- Data block
((

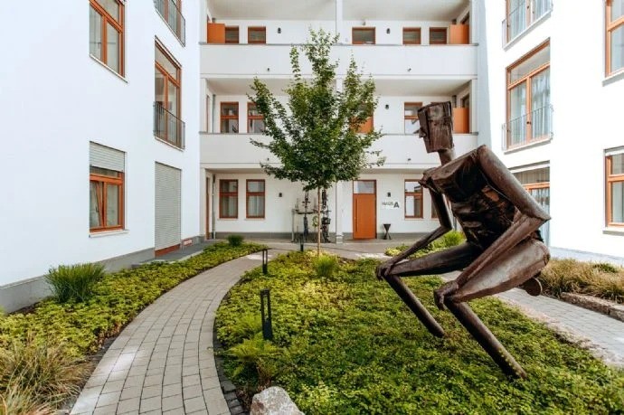 The apartment house is located right in the heart of Frankfurt. All offices in the financial district can be reached on foot in just a few minutes.
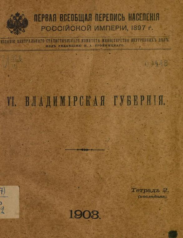 Перепись населения 1897 - Владимирская губерния. Тетрадь 2
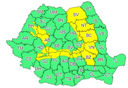 În intervalul menționat, în cea mai mare parte a zonei montane, local în Moldova și pe arii restrânse în nordul Munteniei vor fi averse, descărcări electrice, intensificări de scurtă durată ale vântului și izolat grindină.

))

- Exercise aim
Repeat the exact lines from the first line of the data through the line containing "Перепись населения 1897". Nothing else, no pictures.

- Result below
 The apartment house is located right in the heart of Frankfurt. All offices in the financial district can be reached on foot in just a few minutes.
 Перепись населения 1897 - Владимирская губерния. Тетрадь 2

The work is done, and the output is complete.